Traditionally, we view an Internet account as being a thing that it LENT by
the service provider
to the user. And the design of DNS reflects this in that DNS is a naming
system for hosts and
services, it is not a naming system for people. It is ludicrously expensive
for a start, $10/yr for
a DNS name is not actually an unreasonable charge for running DNS
authoritative services but
it is an absurd amount for a user name. When WhatsApp was a paid service,
it was $1/yr. So
$10/yr for the user name is ridiculous.

I think we need to have a reconsideration of the role of naming and
authentication and authorization.
And this is something a lot of service providers need to think through as
tales of people losing
all the Amazon digital goods they purchased because their Amazon account
was revoked proves.


For me, usernames and authentication are something that should
intrinsically belong to the user
and be theirs for life. I don't think people should lose their Internet
names under any circumstances.
An Internet name should be just like a traditional common name, just unique
to the holder.

Authorization is a different matter, that is something that is entirely in
the power of the person who
owns the resource in question. The IETF is an open forum, the Trilateral
Commission is not, The
Work is not, The Oxford Union Society is not. There are times when it is
fun to participate in a
completely open forum and there are times when you don't want to hear yet
more stupidity from the
woman claiming that vaccination causes people to become magnetized.

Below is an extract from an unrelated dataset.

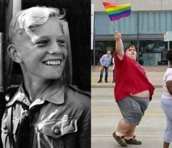 Arrive le moment où un esprit honnête doit accepter d’examiner la course de l’Occident depuis la fin de la Deuxième Guerre mondiale, faire le constat du réel, et s’interroger. Qu’est-ce qui était préférable : une société de droiture morale avec une jeunesse athlétique, saine de corps et d’esprit dans le prolongement de la tradition antique (mens sana in corpore sano) ? Ou bien le spécimen d’homo consumens obsédé par la jouissance personnelle fabriqué en Occident par les vainqueurs de 1945 ? On reconnait une société au type d’homme qu’elle produit. Les vainqueurs occidentaux de 1945 ont fait des obèses ignares, exposent nos enfants à des drag queens dans le cadre scolaire, et veulent transformer les petits garçons en lolitas.

Every one of the HVAC systems in my house is close to a wired ethernet
drop. The system I am
planning to move to would connect the furnaces and the AC units directly to
the net and these would
then in turn take temperatures from multiple sense points in the house for
control purposes. A smart
furnace makes infinitely more sense than a smart thermostat connected to a
furnace so stupid that it
can't tell me when it is over pressure, when filters need replacing, etc.
etc.

The reason we have smart thermostats and stupid furnaces is path
dependence. And we are stuck with
the Internet account provider model for the same reason.